Screw the fry when you sell the colony hit me up!


----------



## TitoTee (Feb 18, 2006)

eklikewhoa said:


> Screw the fry when you sell the colony hit me up!


Are you afraid the fry wont look as good opcorn:


----------



## IrkedCitizen (Apr 26, 2007)

He wants to increase his colony size.


----------



## eklikewhoa (Jul 11, 2006)

TitoTee said:


> eklikewhoa said:
> 
> 
> > Screw the fry when you sell the colony hit me up!
> ...


Of course not.... fry would become fish food for my Plagiostoma that I have in with my colony so why bother?
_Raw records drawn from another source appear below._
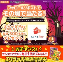 2025年11月3日(月)までのキャンペーン期間内に、公式Twitterアカウントをフォローして、期間中に毎日投稿される対象ポストをリポストして対象ポストのURLから応募をすると、その場で抽選で500名に『えらべるPay 200円分』が当たる、プレゼントキャンペーンとなっています。
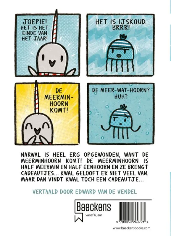 Narwal is heel erg opgewonden, want de meerminhoorn komt! De meerminhoorn is half meermin en half eenhoorn en ze brengt cadeautjes. Kwal gelooft er niet veel van. Maar dan vindt Kwal toch een cadeautje.
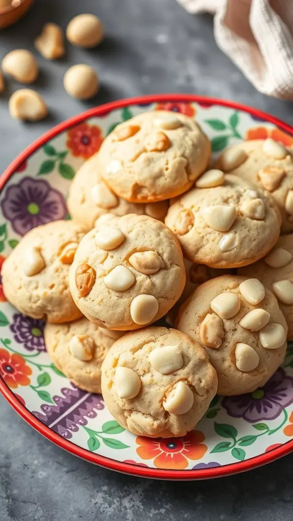 These classic white chocolate macadamia nut cookies are a delightful treat. The image shows a plate of golden cookies, each studded with creamy white chocolate chips. The cookies look soft and inviting, perfect for any occasion.
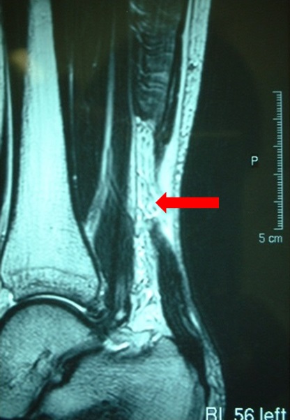 写真2 MRIによるアキレス腱断裂状態(矢印)
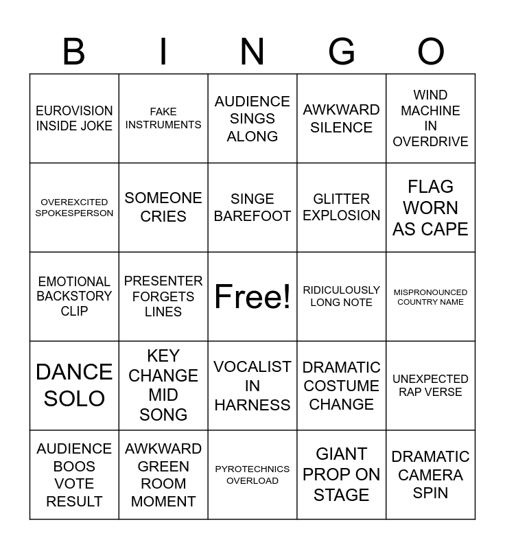 This bingo card has a free space and 24 words: KEY CHANGE MID SONG, AWKWARD GREEN ROOM MOMENT, SINGE BAREFOOT, AUDIENCE BOOS VOTE RESULT, WIND MACHINE IN OVERDRIVE, EUROVISION INSIDE JOKE, OVEREXCITED SPOKESPERSON, FAKE INSTRUMENTS, RIDICULOUSLY LONG NOTE, VOCALIST IN HARNESS, GLITTER EXPLOSION, EMOTIONAL BACKSTORY CLIP, DRAMATIC COSTUME CHANGE, UNEXPECTED RAP VERSE, SOMEONE CRIES, GIANT PROP ON STAGE, MISPRONOUNCED COUNTRY NAME, AUDIENCE SINGS ALONG, FLAG WORN AS CAPE, PRESENTER FORGETS LINES, DRAMATIC CAMERA SPIN, DANCE SOLO, AWKWARD SILENCE and PYROTECHNICS OVERLOAD.
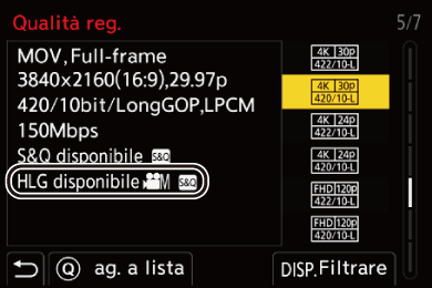 Le voci disponibili per la registrazione con video HLG sono indicate come [HLG disponibile].
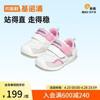 基诺浦(ginoble)宝宝步前鞋 25春婴儿软底透气地板鞋8-18个月春秋款学步鞋GB2391 棉白/杏仁粉/夜影蓝 19.5 120mm 适合脚长116-124mm
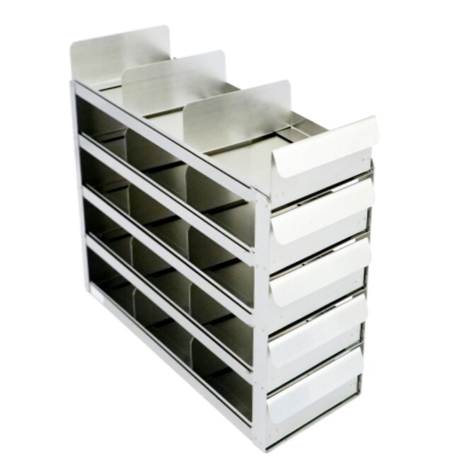 Ideal freezer racks feature slide out trays that maximize storage space in upright freezers or refrigerators. Constructed of corrosion resistant stainless steel for rugged durability. Racks will accommodate all 5" square x 2" high cardboard or plastic boxes. Racks are available in several convenient sizes and capacities.

I am already feeding it fry from my colony which is free so it's cool but if I have to put out money for fish food it won't make me so happy to have it.


----------



## Corvette427 (Dec 29, 2007)

great..........


----------



## smidey (Mar 15, 2007)

you guys are so lucky to get what ever fish you want. here in NZ we don't get much choice at we are so far away from africa its costs way too much to getthem here & import laws etc limit what we can import to. I have just got my first tropheus, duboisi & they are quite rare here & cost a packet to!


----------



## TitoTee (Feb 18, 2006)

Yo Butch you owe me Ilangi fry!


----------



## 24Tropheus (Jun 21, 2006)

We are now getting good WC Ilangi again in the UK.
They cost a fortune but can be had.
http://www.britishcichlid.org.uk/phpBB3 ... lit=ilangi
and
http://www.britishcichlid.org.uk/phpBB3 ... =35&t=6988
F1s now on the market.
Kind of looking forward to getting some when I get a tank ready. :wink:

Great find and photos bigdawg1

All the best James


----------



## Razzo (Oct 17, 2007)

Exceptional!!!! Beautiful fish!!!


----------